Metadata
- Author: Dave Connors
- Full Title:: Surrogate Keys in Dbt: Integers or Hashes?
- Category:: 🗞️Articles
- Document Tags:: sql, Surrogate keys,
- URL:: https://docs.getdbt.com/blog/managing-surrogate-keys
- Finished date:: 2023-08-14
Highlights
For my money, the simplicity of using hashed keys far outweighs the potential benefits of having MIISKs in your data model. Building with dbt works best when all parts of your project are idempotent, and hashed keys require close to zero maintenance. The cost of time spent rebuilding your surrogate keys in your data models if you can’t recreate them with a simple
dbt run
usually offsets any modest performance and storage gains you might be able to achieve with MIISKs. (View Highlight)

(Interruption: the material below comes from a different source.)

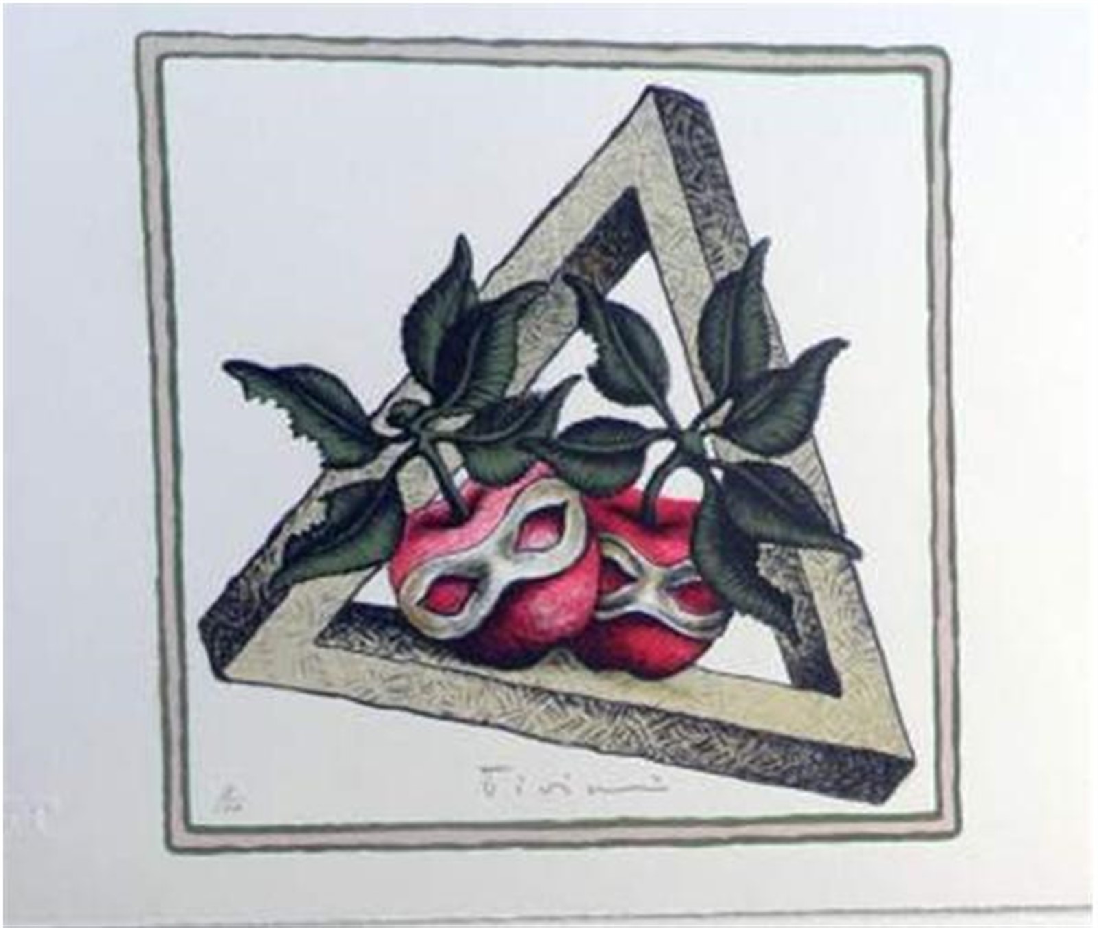 VIVIANI VANNI (1937 - 2002) Nel triangolo impossibile. 1981. Litografia. Cm 32,00 x 24,00. XXI/L. Tiratura e firma in basso. Pubblicata sul Catalogo generale Vanni Viviani - Opera grafica 1962 - 1995, Edizioni Gabinetto dei Disegni e delle Stampe, 1995.

The analytical warehouses we use now no longer have the same constraints that traditional warehouses had — joins on strings aren’t notably less performant than those on integers, and storing slightly larger values in the surrogate key column is peanuts given the relative cost of storage on these platforms. This strategy also removes the need for tight coupling of transformations to propagate the surrogate key values across our project — anywhere the inputs for the surrogate keys are present, the hashing function produces the same keys, so we can take advantage of parallel processing in our warehouse and avoid the bottlenecks we had before.